The government of the Islamic Republic of Iran is in search of a US$10 billion investment to help it kick-start its domestic aluminium industry. Experts expect the industry to export over sixty percent of production, tapping into the growing global demand for the versatile metal.
“The government of President Hassan Rouhani has decided to revive aluminum projects including the one in Guinea,” said Mohammad Aghajanlou, director of the mineral industries department of state-owned Iranian Mines and Mining Industries Development and Renovation Organization. “Import of bauxite into Iran via large ship is much more economical compared to what it was 20 years ago.”
Although the political will exists to invigorate the domestic aluminium industry, the raw materials are not quite as available. That and an overall lack of electrical generation has limited Iran’s output of the metal to 350,000 metric tons a year, which is below the domestic capacity of 470,000 metric tons. The current push to ramp up the country’s aluminium production would put its capacity at 1.5 million metric tons in ten years, according to Mehdi Karbasian, managing director of Iranian Mines and Mining Industries Development and Renovation Organization.

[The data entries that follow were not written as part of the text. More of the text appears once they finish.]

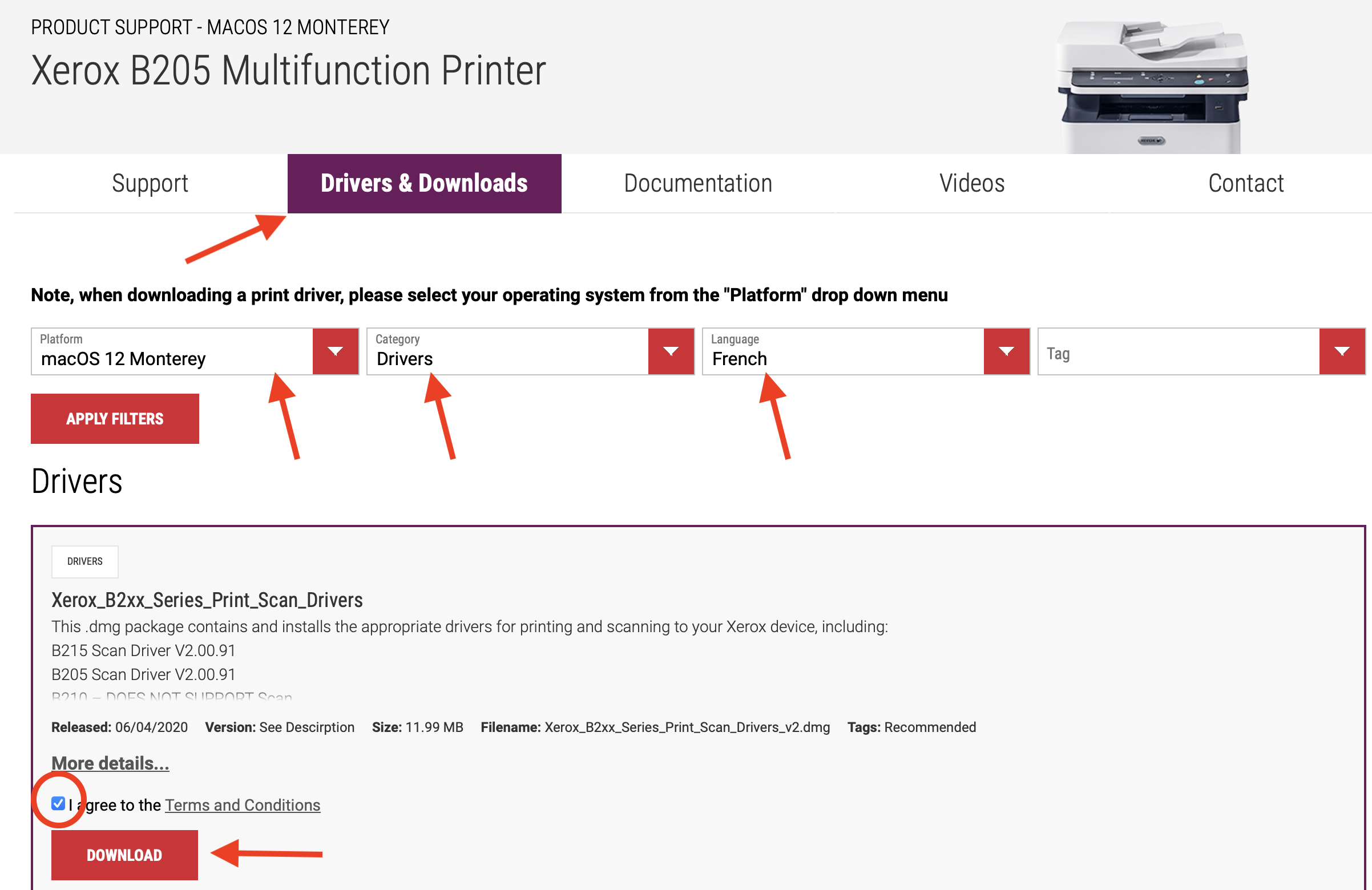 Sur cette page télécharger le dernier pilote disponible (soit pour macOS 12 Monterey) qui devrais être opérationnel sur Ventura et éventuellement sur Sonoma https://www.support.xerox.com/en-us/product/xerox-b205-multifunction-printer/downloads?language=fr&platform=macOS12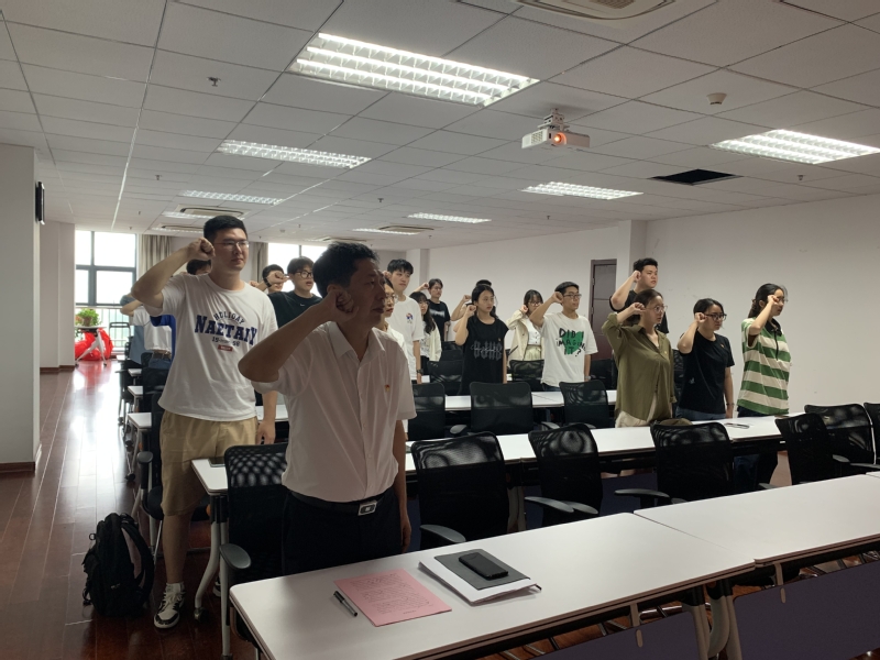 为深入开展学习贯彻习近平新时代中国特色社会主义思想主题教育,庆祝中国共产党成立102周年,2023年7月1日,伟德国际1946bv官网在江宁校区行政楼401举行入党宣誓活动。伟德国际1946bv官网党委书记朱成立、组织员国洪梅,以及伟德国际1946bv官网近一年内新发展的50名党员参加了此次活动。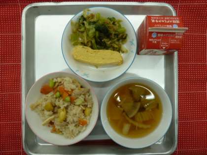 今日の給食は、栗ごはん・すまし汁・五目厚焼きたまご・キャベツのおかかあえ・牛乳でした。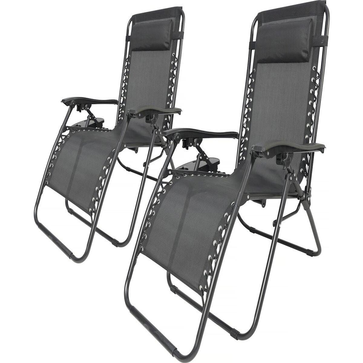 Lot de 2 Fauteuils de jardin inclinable zéro gravité Sintra - Noir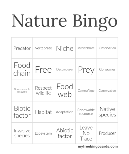 LeaveNo TraceAbioticfactorNonrenewableresourceRespectwildlifeConsumerNicheInvertebrateEcosystemObservationStewardshipCamouflageAdaptationPredatorVertebrateRenewableresourceHabitatNativespeciesBioticfactorInvasivespeciesFoodchainProducerPreyConservationDecomposer LeaveNo TraceAbioticfactorNonrenewableresourceRespectwildlifeConsumerNicheInvertebrateEcosystemObservationStewardshipCamouflageAdaptationPredatorVertebrateRenewableresourceHabitatNativespeciesBioticfactorInvasivespeciesFoodchainProducerPreyConservationDecomposer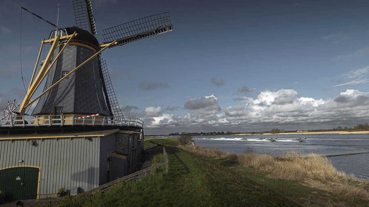 In de buurt van Streefkerk legde fotograaf sergeant Jasper Verolme deze vier FRISCS vast, varend door een wel heel erg Hollands landschap. De snelle boten van het Korps Mariniers kwamen uit Rotterdam, waar ze meededen aan de oefening Port Defender. Op de terugweg namen de zeesoldaten de lange weg; via IJmuiden voeren zij naar thuisbasis Texel.

The cornerstone in Iran’s plan is the development of a bauxite mine in West Africa’s Guinea. The 50/50 partnership between the two governments has thus far failed to yield any results in a quarter century, however. Iran’s government recently engaged German firm DMT GmbH to advise them how to move the mine towards production, and a recommendation from the consultant is expected this fall.
“The mine in Guinea has more than 500 million tons of bauxite, but it’s far from the sea and there is a need for rails to be put in place,” Karbasian said. “We are weak when it comes to bauxite reserves.”
Ultimately Iran intends to build a pipeline from inland mines to a port, replacing what sparse infrastructure for transporting the ore there is at present. The bauxite would be crushed and mixed with water before insertion into the pipeline to the coast, explained Aghajanlou.